По дороге к источнику …

Ричард Бах. Чайка по имени Джонатан Ливингстон

Невыдуманному Джонатану-Чайке,

который живет в каждом из нас

…     Чайки, как вы знаете, не  раздумывают во время полета и  никогда не останавливаются.  Остановиться  в  воздухе  —  для  чайки бесчестье, для чайки это — позор. Но  Джонатан  Ливингстон … был не какой-нибудь заурядной птицей.

Большинство чаек не стремится  узнать о полете ничего  кроме самого необходимого: как  долететь от  берега до  пищи и  вернуться назад.  Для большинства  чаек  главное  —  еда,  а  не  полет. Больше всего на свете Джонатан Ливингстон любил летать. Но подобное пристрастие, как он понял, не внушает уважения  птицам.

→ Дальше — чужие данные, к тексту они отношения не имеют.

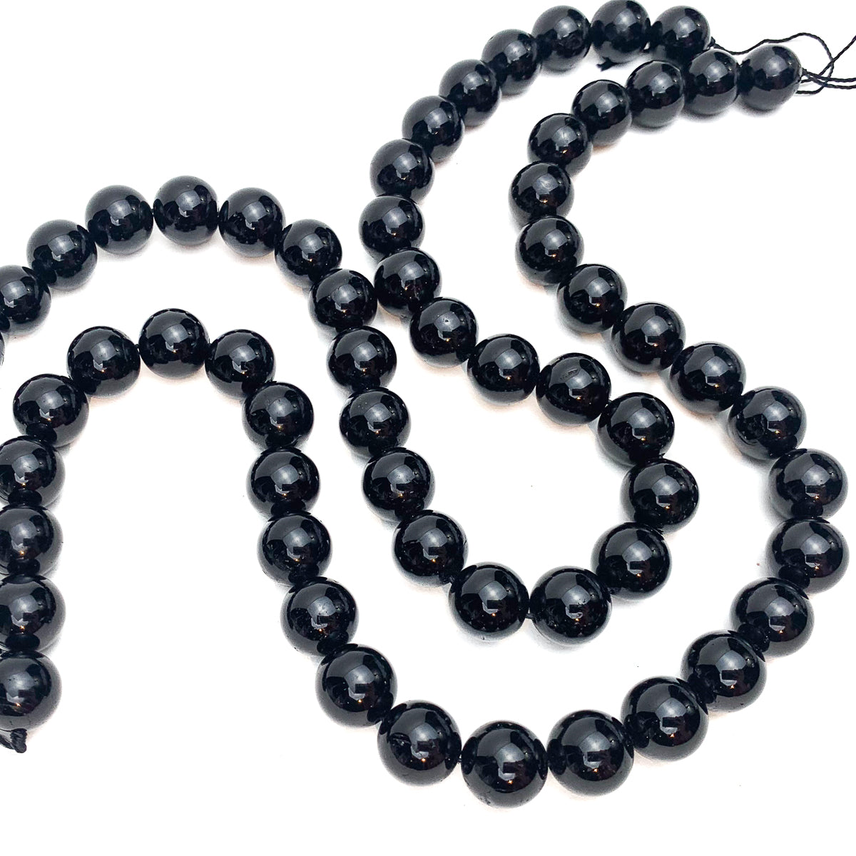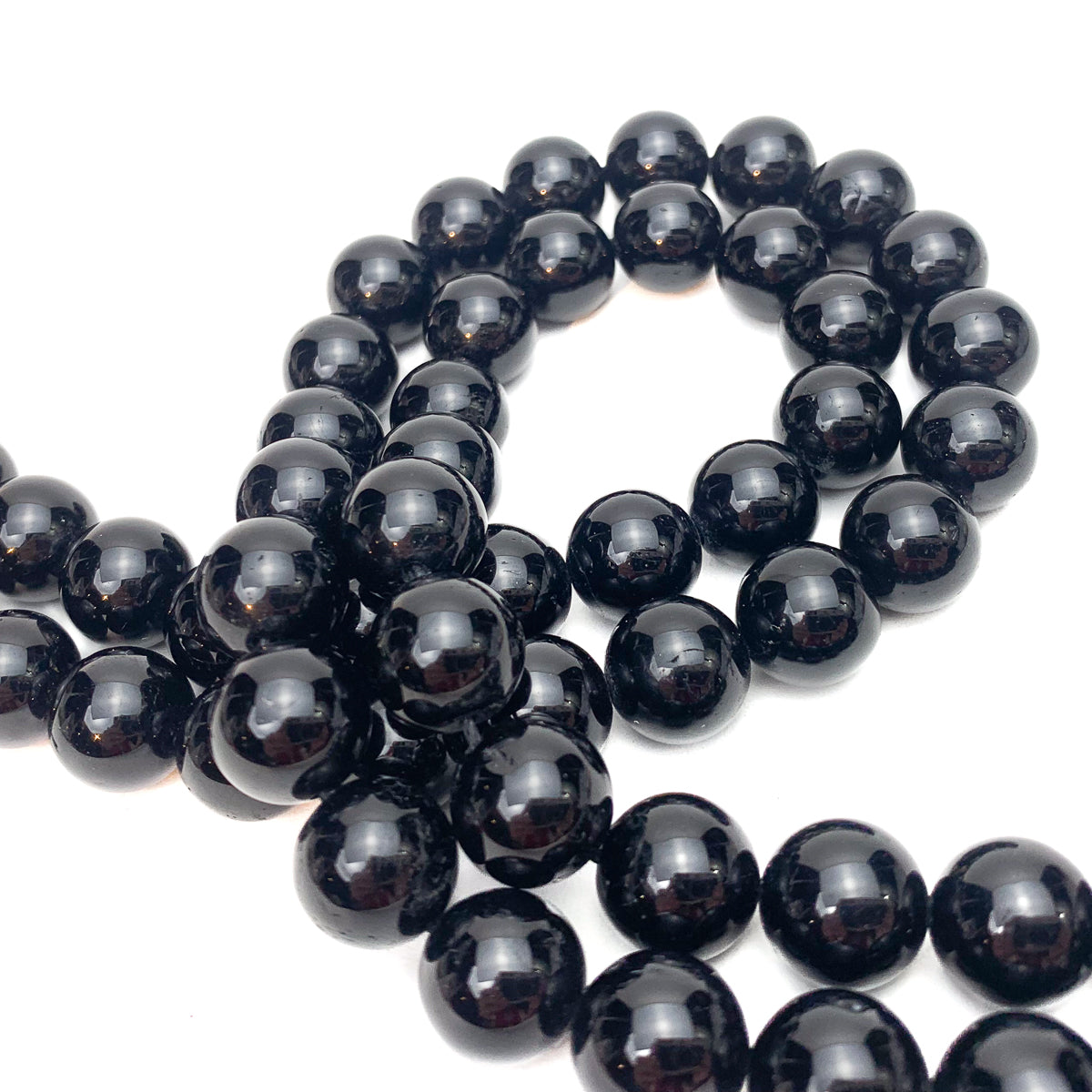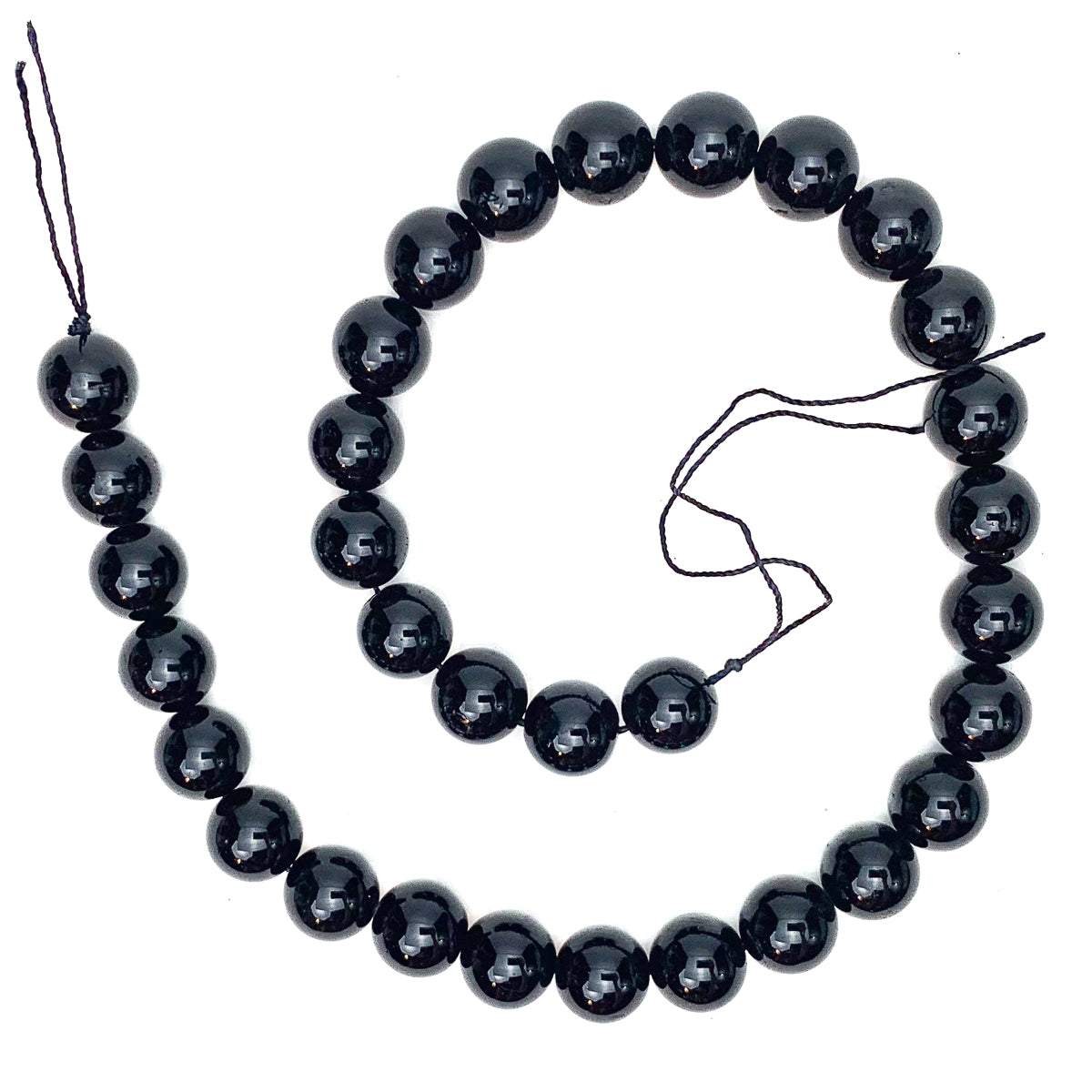 • Black Tourmaline 12mm Smooth Rounds Bead Strand

“Я хочу  знать,что я могу делать в воздухе, а чего не могу. Я просто хочу знать.”

…     Он поднялся на две тысячи футов и попытался еще раз: входя в  пике, он  вытянул  клюв  вниз  и  раскинул  крылья,  а  когда  достиг скорости пятьдесят  миль   в  час,   перестал  шевелить   ими.  Это   потребовало неимоверного напряжения, но он  добился своего. Десять секунд  он мчался неуловимой тенью со скоростью  девяносто миль в час.  Джонатан установил

мировой рекорд скоростного полета для чаек!

Но он недолго  упивался победой. Как  только он попытался  выйти из пике, как только он слегка изменил положение крыльев, его подхватил  тот же безжалостный  неумолимый вихрь,  он мчал  его со  скоростью девяносто миль в час и разрывал на  куски, как заряд динамита. Невысоко над  морем Джонатан-Чайка не выдержал и рухнул на твердую, как камень, воду.

Когда он пришел в  себя, была уже ночь,  он плыл в лунном  свете по глади океана. Изодранные  крылья были налиты  свинцом, но бремя  неудачи легло на  его спину  еще более  тяжким грузом.  У него появилось смутное желание, чтобы этот груз незаметно  увлек его на дно, и  тогда, наконец, все будет кончено. Он  начал  погружаться  в  воду  и  вдруг услышал незнакомый глухой голос где-то в себе  самом: «У меня нет  выхода. Я чайка. Я  могу только то, что могу. Родись  я, чтобы узнать так  много о полетах, у  меня была бы не голова, а вычислительная машина. Родись я для скоростных  полетов, у меня были бы короткие крылья, как  у сокола, и я питался бы мышами,  а не рыбой.  Мой отец  прав. Я  должен забыть  об этом  безумии. Я  должен вернуться домой,  к своей  Стае, и  довольствоваться тем,  что я  такой, какой есть, — жалкая, слабая чайка. … Я такая  же чайка,  как все  остальные, и  я буду летать так, как летают чайки». С мучительным трудом он поднялся на сто футов  и энергичнее замахал крыльями, торопясь домой.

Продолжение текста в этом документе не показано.